▶ [Records for this task]

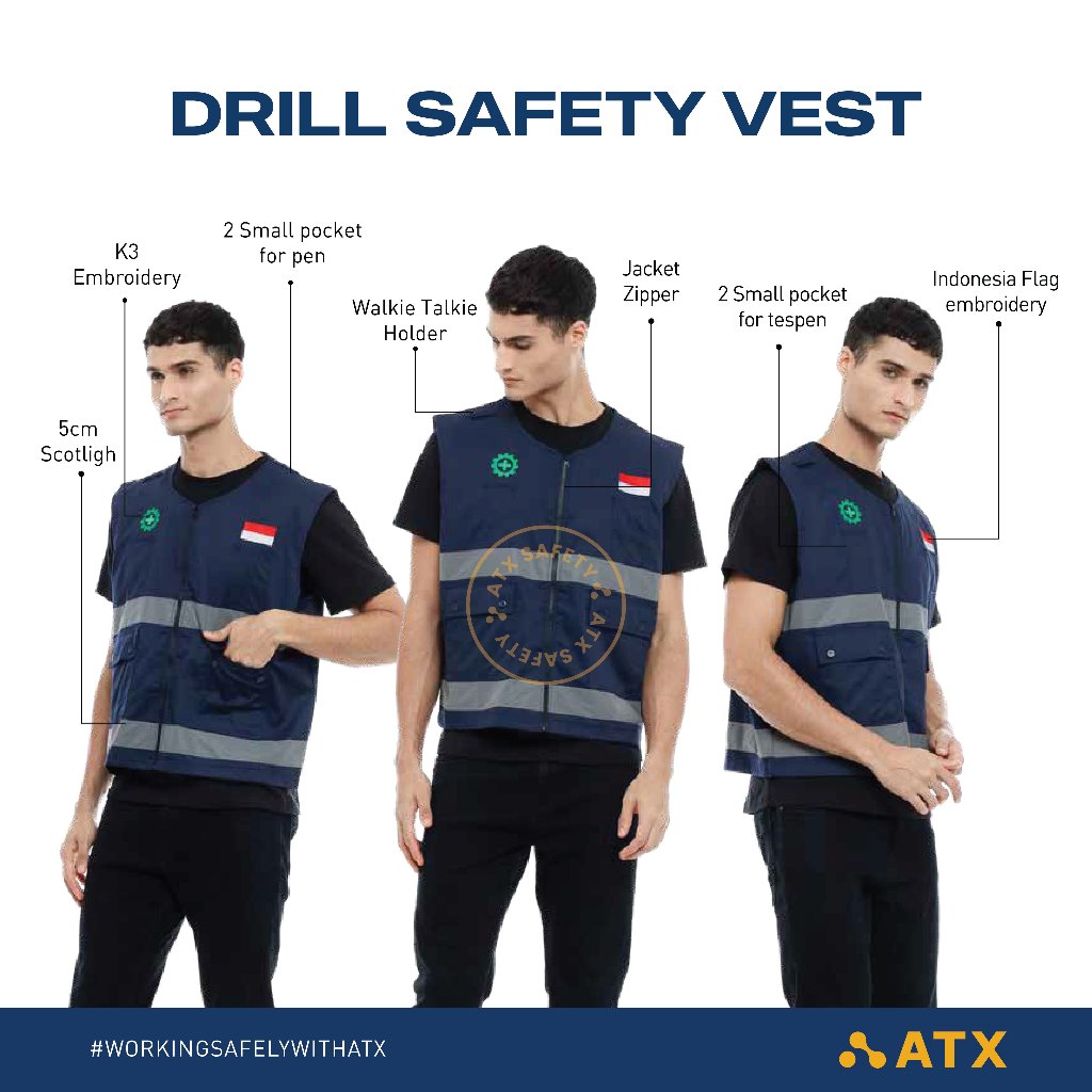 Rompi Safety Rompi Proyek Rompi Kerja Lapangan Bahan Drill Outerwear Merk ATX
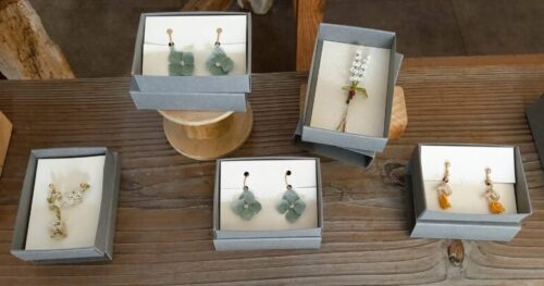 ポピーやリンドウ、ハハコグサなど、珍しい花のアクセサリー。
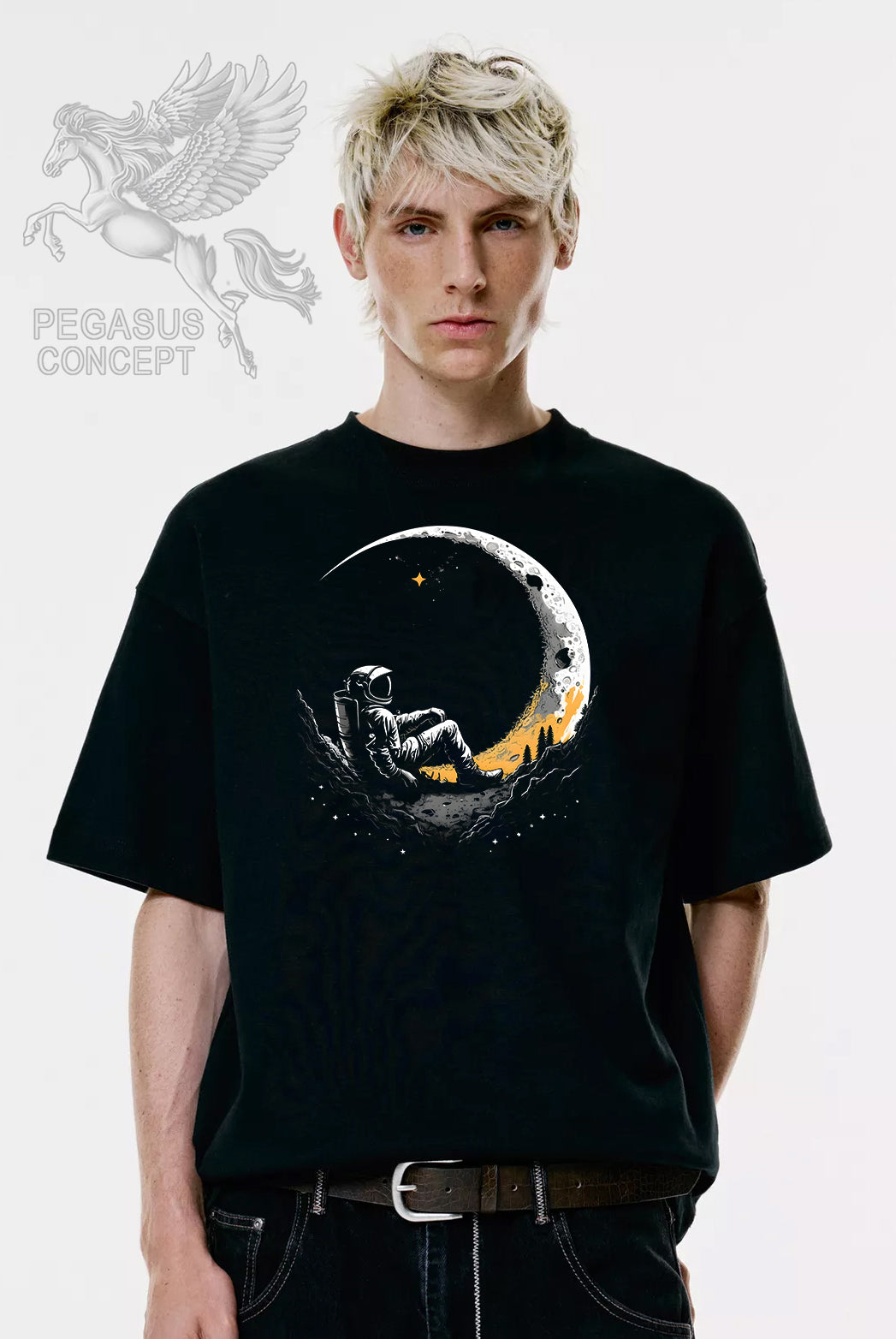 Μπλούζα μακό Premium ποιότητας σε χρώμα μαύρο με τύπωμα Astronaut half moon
* * *
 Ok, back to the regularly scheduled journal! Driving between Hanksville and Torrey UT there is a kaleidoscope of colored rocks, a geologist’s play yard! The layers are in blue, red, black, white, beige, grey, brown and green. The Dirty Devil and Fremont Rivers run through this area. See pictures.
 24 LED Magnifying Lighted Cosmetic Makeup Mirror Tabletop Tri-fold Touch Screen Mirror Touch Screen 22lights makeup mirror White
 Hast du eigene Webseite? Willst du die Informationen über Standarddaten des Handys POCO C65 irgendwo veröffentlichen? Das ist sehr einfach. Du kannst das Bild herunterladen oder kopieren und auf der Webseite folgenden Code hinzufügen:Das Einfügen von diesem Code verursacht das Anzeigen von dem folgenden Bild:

▶ [Work instructions] What is needed is an exact copy of only the lines above from the one with "Rompi Safety Rompi" to the one with "Μπλούζα μακό Premium", both kept, with every picture left out.

▶ [Response for this exercise]
 Rompi Safety Rompi Proyek Rompi Kerja Lapangan Bahan Drill Outerwear Merk ATX
 ポピーやリンドウ、ハハコグサなど、珍しい花のアクセサリー。
 Μπλούζα μακό Premium ποιότητας σε χρώμα μαύρο με τύπωμα Astronaut half moon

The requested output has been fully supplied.